Using the listing below, print the line containing "text. Watercolor style", the line containing "Runcati Mens Fuzzy", and each line between them, exactly and nothing else. Pictures stay out of the print.

▸ RECORDS FOR THIS TASK
★ ★ ★ ★ ★
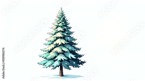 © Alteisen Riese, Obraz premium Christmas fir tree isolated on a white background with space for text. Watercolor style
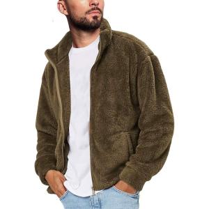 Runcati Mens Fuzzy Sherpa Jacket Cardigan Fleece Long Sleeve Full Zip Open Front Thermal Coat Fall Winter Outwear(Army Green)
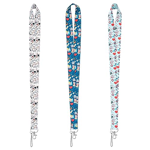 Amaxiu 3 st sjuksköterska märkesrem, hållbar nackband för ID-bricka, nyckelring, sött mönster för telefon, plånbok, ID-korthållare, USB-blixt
★ ★ ★ ★ ★
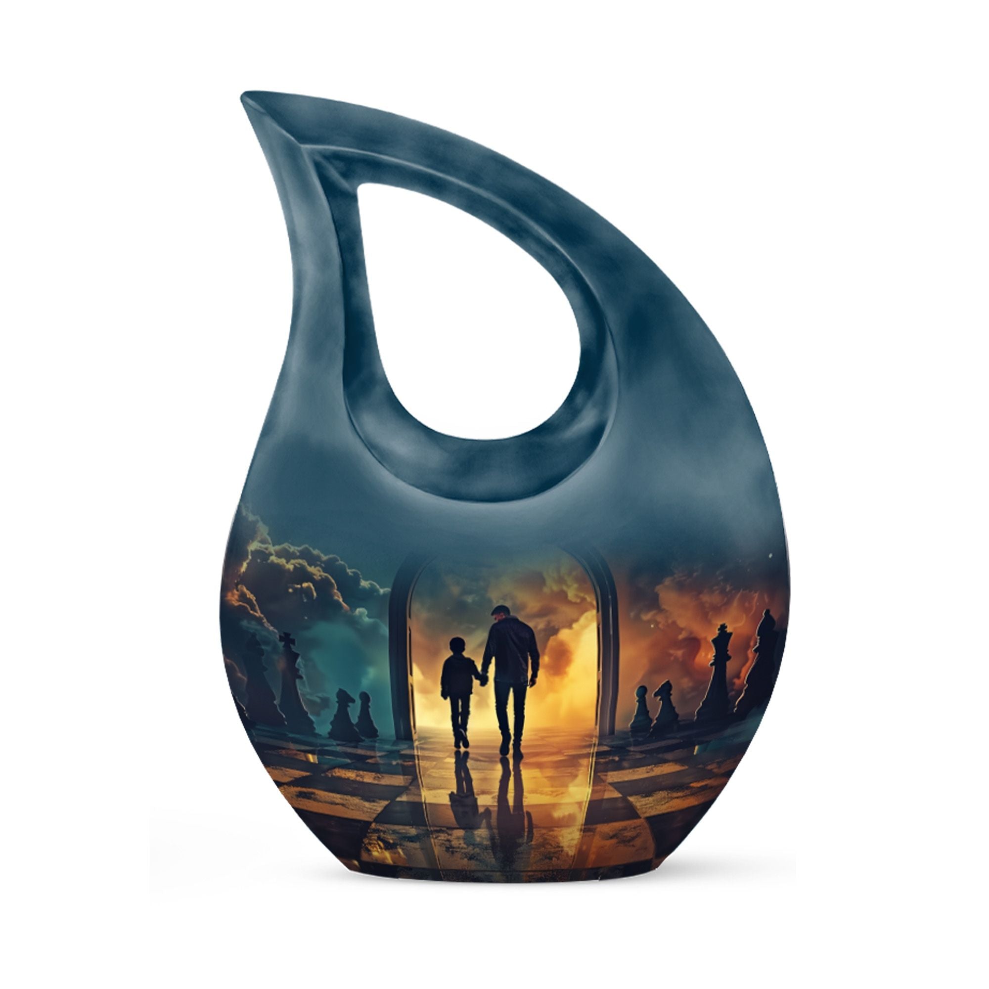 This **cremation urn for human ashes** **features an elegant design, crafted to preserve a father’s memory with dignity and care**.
★ ★ ★ ★ ★
▸ RESULT
 © Alteisen Riese, Obraz premium Christmas fir tree isolated on a white background with space for text. Watercolor style
 Runcati Mens Fuzzy Sherpa Jacket Cardigan Fleece Long Sleeve Full Zip Open Front Thermal Coat Fall Winter Outwear(Army Green)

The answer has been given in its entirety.